### ASSIGNMENT
With the pictures omitted, repeat exactly the lines below starting with the line that has "该报告从八个方面展开:研究与" and going on through the line that has "潮女包气质单肩包 时尚 爆款 油蜡皮手提大包简约托特包2023新款".

### RECORDS SHOWN
◇ ◇ ◇ ◇ ◇ ◇ ◇

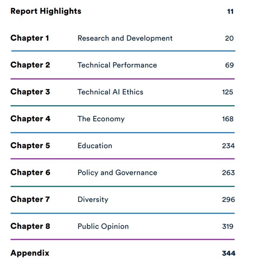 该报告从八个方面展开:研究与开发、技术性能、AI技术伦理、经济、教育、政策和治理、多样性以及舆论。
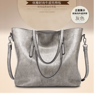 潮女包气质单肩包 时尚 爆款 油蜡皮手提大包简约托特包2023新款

◇ ◇ ◇ ◇ ◇ ◇ ◇

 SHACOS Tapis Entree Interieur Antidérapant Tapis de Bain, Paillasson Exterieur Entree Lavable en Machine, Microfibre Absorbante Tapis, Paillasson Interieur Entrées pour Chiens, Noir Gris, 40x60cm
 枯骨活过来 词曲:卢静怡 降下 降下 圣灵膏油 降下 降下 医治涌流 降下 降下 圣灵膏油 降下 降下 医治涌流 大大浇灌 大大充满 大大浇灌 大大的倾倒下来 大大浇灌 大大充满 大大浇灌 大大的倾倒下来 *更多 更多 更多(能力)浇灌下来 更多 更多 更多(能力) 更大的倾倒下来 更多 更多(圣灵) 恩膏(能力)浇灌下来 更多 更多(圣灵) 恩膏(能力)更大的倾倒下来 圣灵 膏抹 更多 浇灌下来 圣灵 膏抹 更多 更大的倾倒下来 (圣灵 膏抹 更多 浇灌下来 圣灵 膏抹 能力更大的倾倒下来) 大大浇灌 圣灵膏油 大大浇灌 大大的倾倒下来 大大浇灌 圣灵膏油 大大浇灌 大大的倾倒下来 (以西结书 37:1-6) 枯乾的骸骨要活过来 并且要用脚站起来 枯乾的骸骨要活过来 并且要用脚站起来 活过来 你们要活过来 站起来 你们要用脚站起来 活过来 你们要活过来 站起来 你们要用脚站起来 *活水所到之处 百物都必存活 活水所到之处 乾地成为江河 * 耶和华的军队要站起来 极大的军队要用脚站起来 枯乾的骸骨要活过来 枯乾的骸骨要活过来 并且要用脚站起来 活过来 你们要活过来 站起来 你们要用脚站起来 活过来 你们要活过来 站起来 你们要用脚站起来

◇ ◇ ◇ ◇ ◇ ◇ ◇

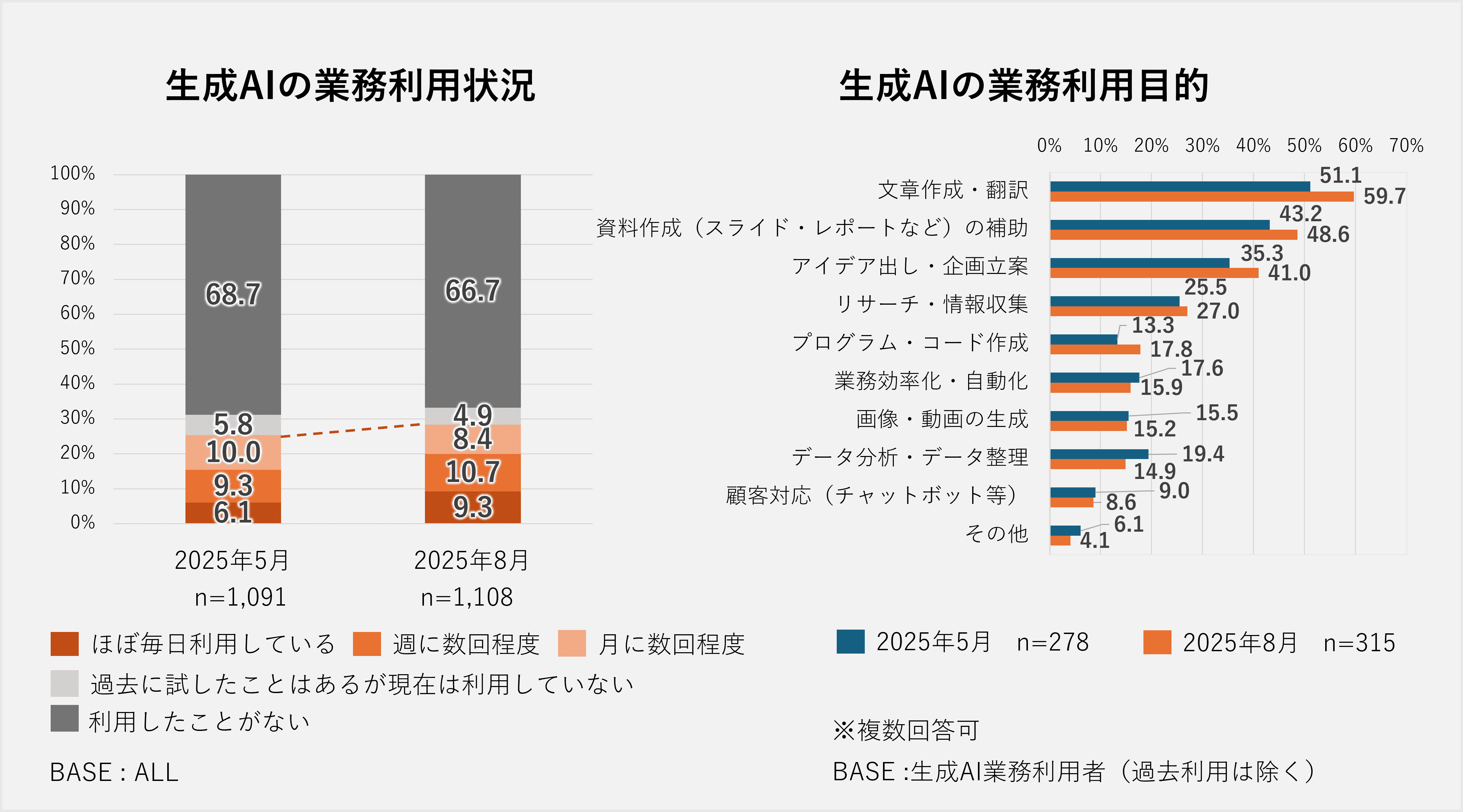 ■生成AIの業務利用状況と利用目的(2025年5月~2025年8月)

◇ ◇ ◇ ◇ ◇ ◇ ◇

### TASK RESPONSE
 该报告从八个方面展开:研究与开发、技术性能、AI技术伦理、经济、教育、政策和治理、多样性以及舆论。
 潮女包气质单肩包 时尚 爆款 油蜡皮手提大包简约托特包2023新款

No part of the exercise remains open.